Wednesday 11 December 2019

5 Key Points Every Person Should Know about Private Equity Firms


Well, if you are thinking about investing in a private equity firm, then you simply need to know some significant things about the particular process. But before going to meet with all those main 5 points, one should consider each term, such as what is private equity, secondary liquidity, and many other things as well. Therefore, let’s start with private equity. It refers to investment funds, which is mainly created as limited partnerships that purchase and restructure companies that are not traded publically.

In other words, you can say that it is a type of equity that contains equity securities and also the debt in companies that are operating that are not traded publically. Such types of equity funds are made by venture capital, angel investor, and private equity firm. Now, it’s time to know what secondary liquidity is. So, it means that it’s the ability of IPO investors by which they sell shares in the secondary market. It depends on private equity firms to handle Secondary Private Equity Liquidity and all other things accordingly.

5 points people about Private Equity Firms




Given below are the main 5 points that all individuals should know about private equity firms before going to engage with them in any type of business.

1.      By investing you become a limited partner – 


The particular thing means that when people invest in private equity funds, then they are called limited partners. Another main thing is that the limited partners have no decision power on the equity firm that is private or also on the investments that are made by the fund. 

2.      The investment you made is your commitment –
 

The main thing you should know is that with the funds of private equity, there is no liquidity present, and also, the private equity fund has a limited lifespan of almost ten years. So, the same thing means that by investing, you are making a commitment of almost ten years with the firm.
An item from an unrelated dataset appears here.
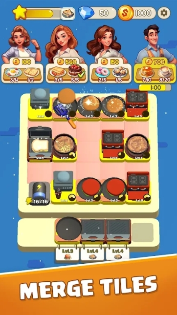 3.通过合并食材制作菜品,玩家可以根据顾客的需求来创造出丰富多样的菜单,提升顾客满意度。

3.      Capital is returned after a specific time –


It is the best thing about private equity firms. After a specific period of time, the capital you made is returned to you. The company has full authority to return capital to its limited partners. They have the power to sells any company for the purpose of creating a distribution or for refinances.

4.      Know that some funds are having time limits –


Well, the same thing means that there are some private equity funds groups present that are having limited time limits for funds in their agreement. The limit for some funds is almost 6-7 years.

5.      These firms reporting requirements –


Here it means that when the fund’s life is going, then they are reporting the requirements of limited partners. The financial report about finds comes out quarterly to meet all requirements.

Therefore, these are the main 5 points, or you can say things to know about private equity firms. Also, they provide Liquidity For Private Equity Funds to make a deal within any case to resolve distributions and for refinancing process.